We launched Product Expert and it hit immediately. Customers got answers on-site instead of heading to Google (where competitors poach them). Support tickets dipped and conversion went up. We thought our lane was “AI product experts.”
Then the requests started rolling in…
"What about a back-to-school backpack recommender?"
"Can you build a pizza recipe generator for an upcoming launch we have. That’d be really cool!"
"We need to collect leads and send them to our system."
"If a customer support question can't be answered, can it ask for their email and route it to our CS team?"
At first, these felt like distractions. Customers still loved Product Expert. They were using it, seeing results, recommending it to others. But the new requests sat outside what Product Expert was built to do. They wanted us to build all these other AI experiences on the side, ones that seemed unrelated to our core value at the time.

The requests kept coming, and not just from e-commerce brands. A real estate company needed a property recommender for their listings site. A local landscaping company wanted to show prospects what their landscape could look like with new lighting — and capture the lead while they were excited.
Each request was specific, often one-off, and almost always urgent. These marketers had ideas, good ideas, but no way to execute them.
Here's what we learned: marketers are full of ideas, but they’re bottlenecked by execution.
They have creative instincts, and carry a backlog of ideas they’d love to build. But they rarely get the opportunity to.
When it comes to implementation, they hit a wall. If they have a dev team, that team’s buried in roadmaps, sprints, and priorities that rarely include “try something new for marketing.”If they turn to no-code tools: those tools sound simple, but still require a level of technical comfort most marketers don’t want to be bogged down with. They just want an easy way to turn their ideas into reality, and a way to see if it’s working, to learn from it, and extract insights they can build on.

We realized the “one-offs” weren't the problem. They were the product.
But we weren't going to build a custom AI widget for every request. Instead, we needed to build the way LEGO builds — not by making every possible castle, but by making the bricks people need to build any castle they can imagine.
That's Anagram Studio: composable Skills that snap together. The landscaping company's lighting visualizer? That's Generate Image + Qualify Lead + Send to Google Sheet. The backpack recommender? That’s Search Catalog + Recommend Products.
Each Skill does one thing well. But combined, they handle whatever idea you walked in with this morning.
The interface? As simple as Canva. Enable the Skills you need, tell the AI what you're trying to do in plain English, preview it, publish it. No code. No debugging. No ticket to engineering.
Sarah's got an idea Tuesday morning: a lead qualifier that talks to prospects, figures out what they actually need, and routes them to the right place.
By Tuesday afternoon, she's built it in Studio: enabled the skills, told the AI how to handle the conversation, sent a preview to her team for review. She drops it on the pricing page and publishes before dinner. No engineering ticket. No waiting.
Within 24 hours, she checks the numbers. Forty conversations. Twelve qualified leads ready to follow up. Everyone else got pointed to the getting-started docs to self-serve.
Next Tuesday, Anagram surfaces something she didn't expect: prospects who mention they've tried a solution before and it failed are closing at roughly 3× the rate, even when they seem less qualified on paper. The signal's based on 18 closed deals from last week, tracked from conversation to close. They're more motivated, more bought-in, and they convert faster.
She just discovered what actually qualifies a lead for her business. Not from a spreadsheet or a hunch, but from real conversations.
That's what changes with Studio. You don't just ship ideas. You learn from them.

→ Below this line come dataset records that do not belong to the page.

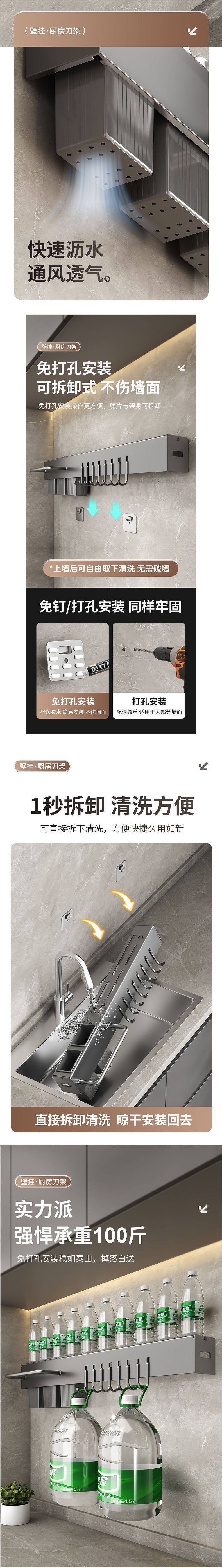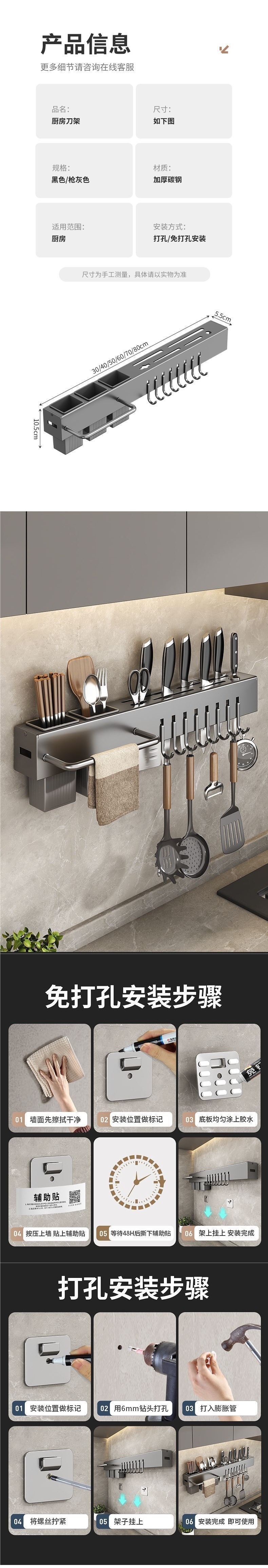 • 건그레이*[업그레이드된 두꺼운 버전]-50CM [칼홀더 + 젓가락홀더 2개 + 고리 8개 + 걸이봉]
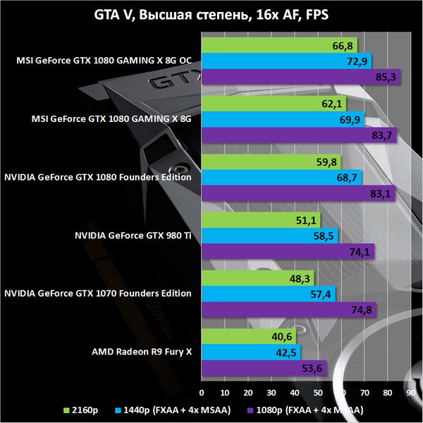 С подробным тестированием GeForce GTX 1080 можете ознакомиться в этой статье. Там больше 20 игр, включая DirectX 12. Очевидно, что разницу в производительности между Founders Edition и GeForce GTX 1080 GAMING X 8G обеспечивают частоты. У кастома они выше. Ниже приведены результаты тестирования в GTA V и «Ведьмак 3: Дикая Охота». Кстати, в этих играх толк от разгона заметен сильнее.
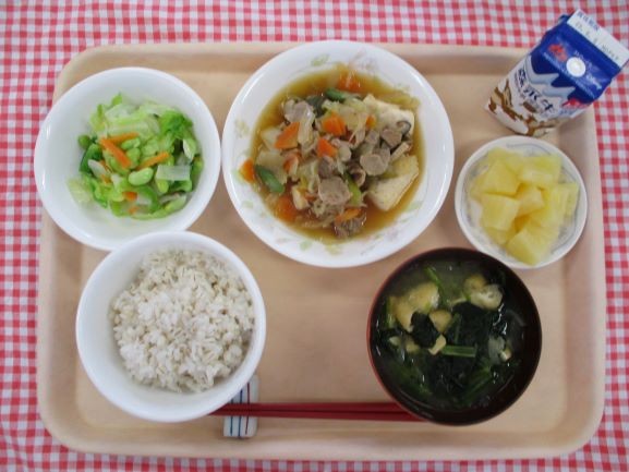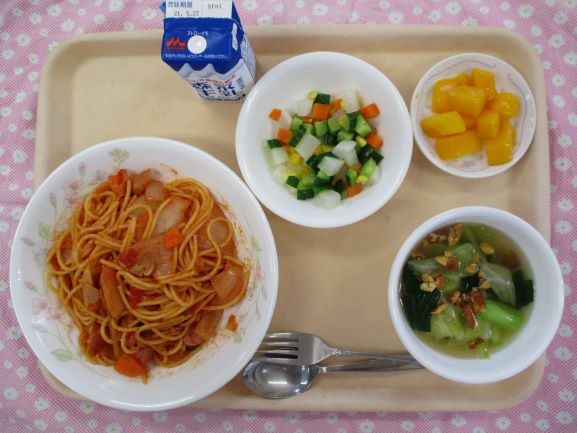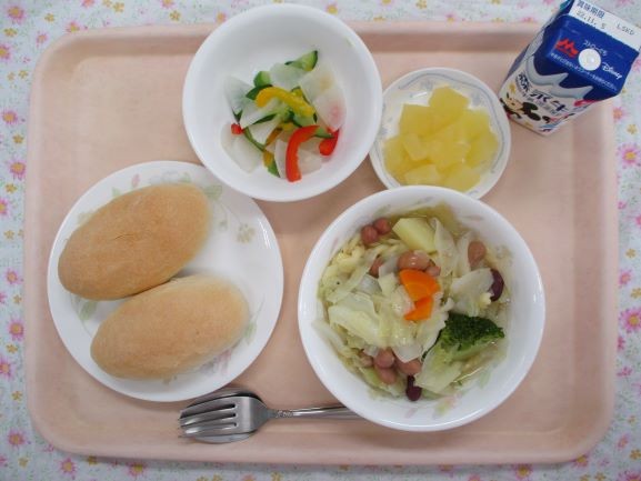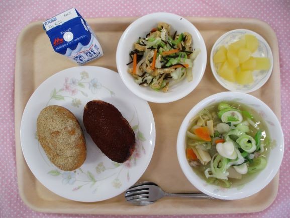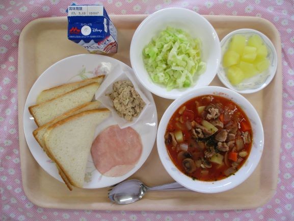 今日の給食は、ドイツ大使館との国際交流会にあわせて、ドイツ料理を提供しました😋ドイツ料理は、地域ごとの特色が豊かで、ソーセージをはじめとした肉料理やじゃがいもを中心とした料理が多いです。今日の主菜であるカリーブルストは、焼いたソーセージにケチャップやカレー粉で作ったソースをまぶした、ベルリンの名物です!甘辛い味付けで、ご飯がよく進みます🍚ザワークラウトは、キャベツを乳酸発酵させて作るドイツ版の漬け物です。肉料理の付け合わせの定番で、肉料理でこってりした口をさっぱりさせてくれます。アイントプフは、ドイツの家庭料理で、様々な具材を1つの鍋で調理したという意味があります。ドイツのお話を聞いた直後の給食だったので、みなさん楽しんで食べてくれていました✨
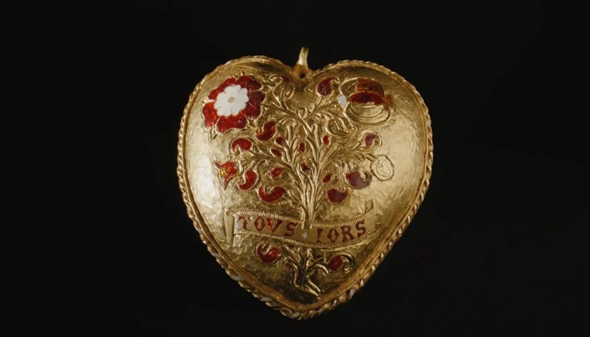 لم يستمر زواج هنري الثامن ملك إنجلترا وكاثرين وحدث الطلاق في عام 1533، لكن قلادة ذهبية يتدلى منها قلب مرتبطة بزواجهما لا تزال باقية وأصبحت متاحة الآن للعرض بشكل دائم في المتحف البريطاني.
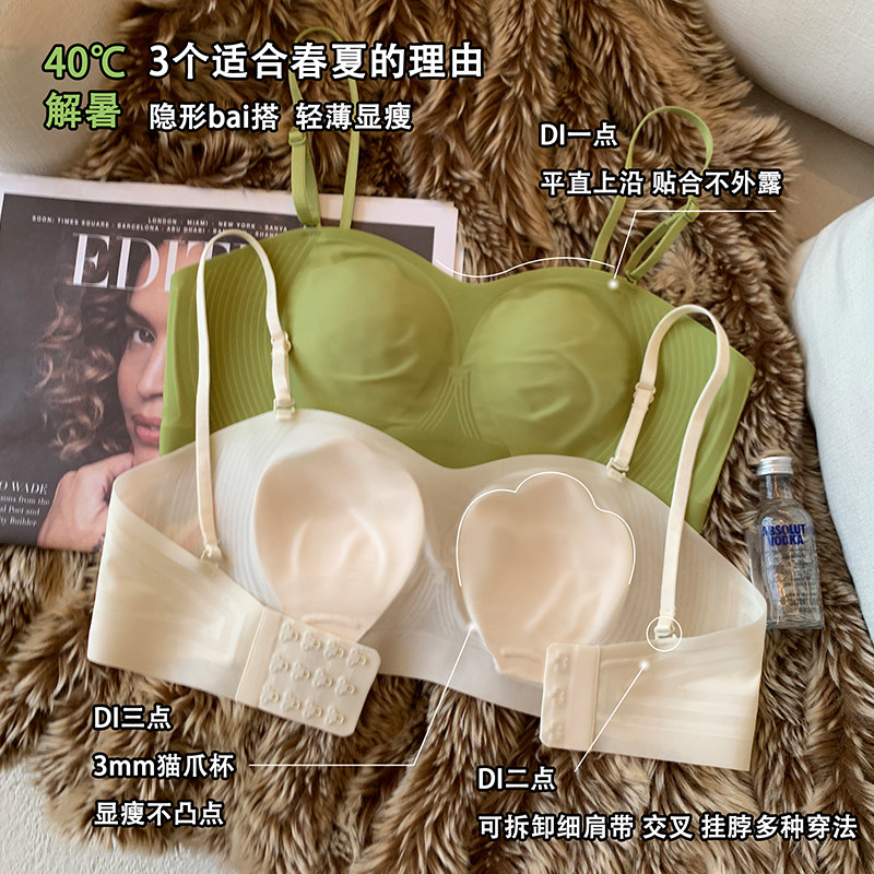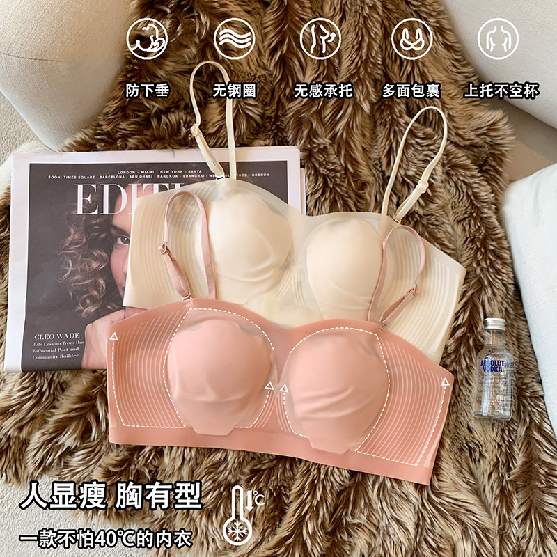 超薄款无痕内衣女大胸显小收副乳防下垂白色抹胸防走光细肩带文胸
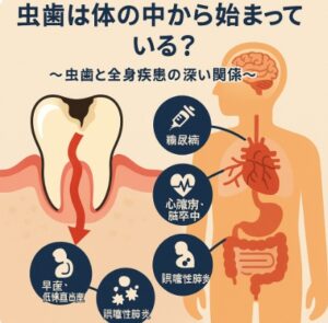 虫歯や歯周病は「口の中だけの問題」と思われがちですが、実際には全身の病気と深くつながっています。言い換えれば、口腔ケアを丁寧に行うことは、糖尿病や心臓病、さらには長寿や生活の質を守るための重要な「全身ケア」でもあるのです。
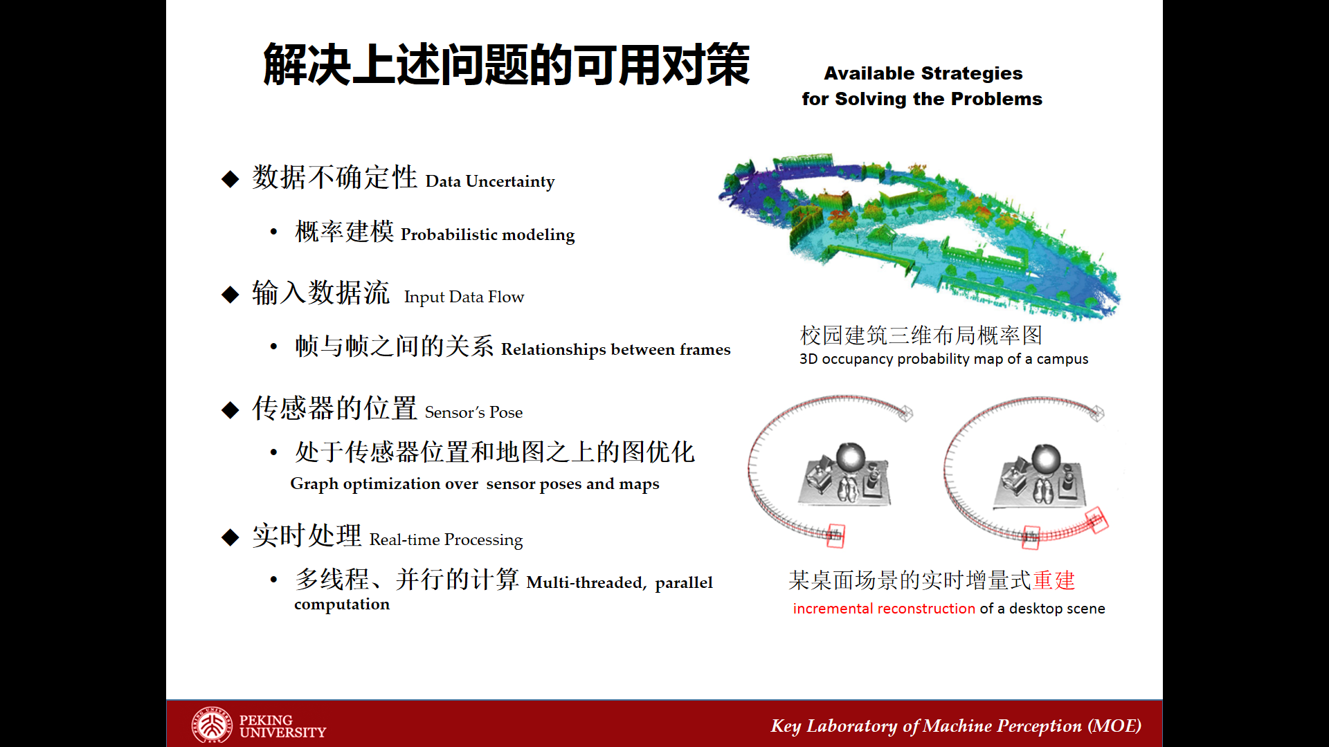 下面我再給大家具體說一下這些問題怎么解決。這里面解決了一些,從概念上非常容易想到的辦法,但是很多需要下一些功夫。數(shù)據(jù)的不確定性,我們可以用概率統(tǒng)計的方式,對數(shù)據(jù)進行建模。數(shù)據(jù)流怎么辦?能不能很好地利用數(shù)據(jù)之間的時間的一貫性,另外用傳感器的姿態(tài)做定位,像更好的一些優(yōu)化的東西,能不能幫助我們解決優(yōu)化的問題。像實時處理,我們其他一些更好的節(jié)省計算量的方法可能要開發(fā)出來。
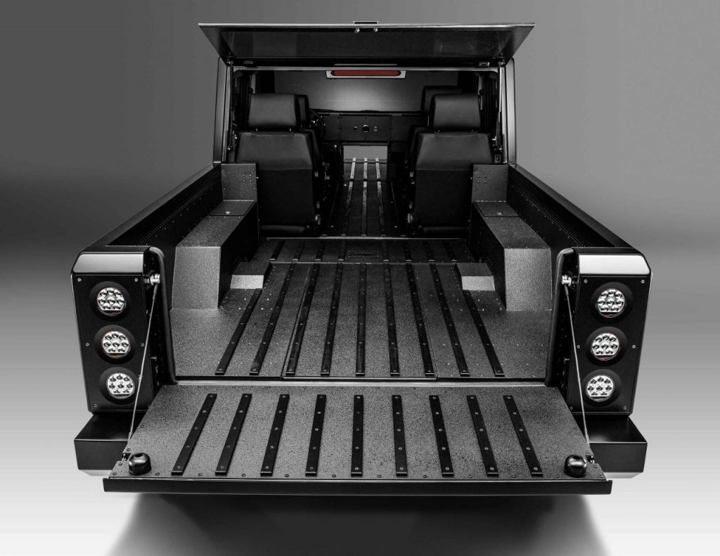 Des 365 chevaux et 640 Nm de couple annoncés à l’origine, nous sommes désormais passés à deux moteurs fournissant au total 620 chevaux mais avec un couple en baisse à 500 Nm. Les monstres seraient capables d’abattre le 0 à 100 Km/h en 4,5 secondes mais avec une vitesse max de seulement 160 km/h pour le B2. Or, l’ambition n’est pas là. Le Bollinger B2 ne lorgne pas du côté d’un Urus voyez-vous. Il veut proposer un pick-up sobre, simple d’utilisation, fait pour durer et pratique. L’entreprise met davantage en avant la capacité de tractage (3400 kilos) et son astucieux système de trappe, qui permet de transporter des objets très longs en les positionnant longitudinalement de part en part du véhicule. Pour les capacités de franchissement, une boîte de transfert à deux vitesses est proposée sur les deux modèles, la hauteur de caisse est de 38 centimètres et le débattement des suspensions de plus de 24 centimètres. Un vrai baroudeur des pistes, ce qui n’est pas la vocation de la plupart des 4×4 branchés.
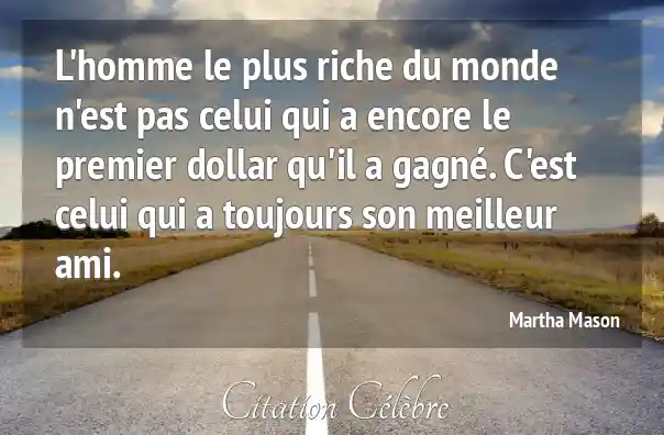 L'homme le plus riche du monde n'est pas celui qui a encore le premier dollar qu'il a gagné. C'est celui qui a toujours son meilleur ami.
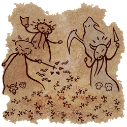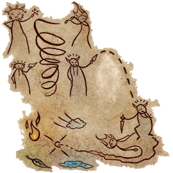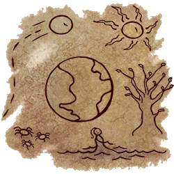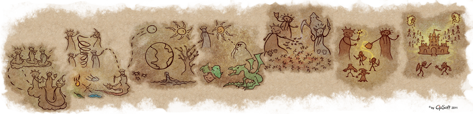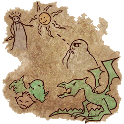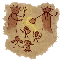“Meu testamento? Claro que não! Pode abrir.” Eu dei-lhe um aceno encorajador. Ela abriu o pergaminho com muito cuidado e seus olhos se arregalaram de surpresa. E então, ela riu. “Mas por que você carrega um pergaminho cheio de rabiscos de uma criança?!” Ela apontou para os simples esboços no pergaminho. “Bem, eu fiz esses desenhos. Eu tentei imitar pinturas rupestres. Para dar aquele olhar antigo.” Ela riu. “Mas… o que é isso? O que elas mostram? Hmm, eu sinto uma história aqui, Amaro!” Suspirei e me sentei ao lado dela. “Vani, você quer ser uma aventureira, mas você não sabe nada sobre seu passado.” Eu peguei o pergaminho dela e coloquei no chão próximo de nós. “Elas mostram seu passado. Meu passado. O passado de todos os Tibianos. O gênesis!” Vani franziu a testa: “O gênesis? Ewwww! Eu não gosto de aulas de história, Amaro. Elas são muito chatas.” “Você então não tem nenhuma idéia sobre o gênesis. É cheio de grandes histórias, emoções, batalhas sangrentas, criaturas ferozes, momentos heróicos… Nenhuma das minhas aventureiras chegam perto das proporções épicas do gênesis. “Minha voz ecoou pela noite. Vani riu defensivamente. “Certo, certo, Amaro. Conte-me o espírito da coisa. Mas não me dê a mesma velha história que você encontra em livros ou vou adormecer em alguns minutos. Eu gostaria de algum drama e ação, você sabe.” “Então o gênesis é o lugar certo para isso. Aqui,” Eu apontei para o pergaminho, “meus humildes desenhos vão nos guiar durante a noite.”

One-offs used to feel like distractions. Now they're our lifeblood.
At first, every request that fell outside Product Expert's scope felt like a detour. Recipe generators, lighting visualizers, backpack recommenders… they wanted us to build all these other things.
But each "Can you build X?" was really saying the same thing: "I have an idea I want to try, and I can't."
We realized the one-offs weren't the problem. The execution gap was. Studio fixes that. Now when a marketer has an idea, they can just launch it.
You stop waiting for dev cycles. You stop explaining the idea in Slack threads, hoping someone has time to build it. You stop watching competitors ship the thing you thought of three months ago.
You walk into meetings with live experiences, not mockups. With real metrics, not projections. With insights extracted from actual customer conversations, not assumptions.
You stop pitching ideas. You start launching them.
That idea you've been sitting on? Launch it this afternoon.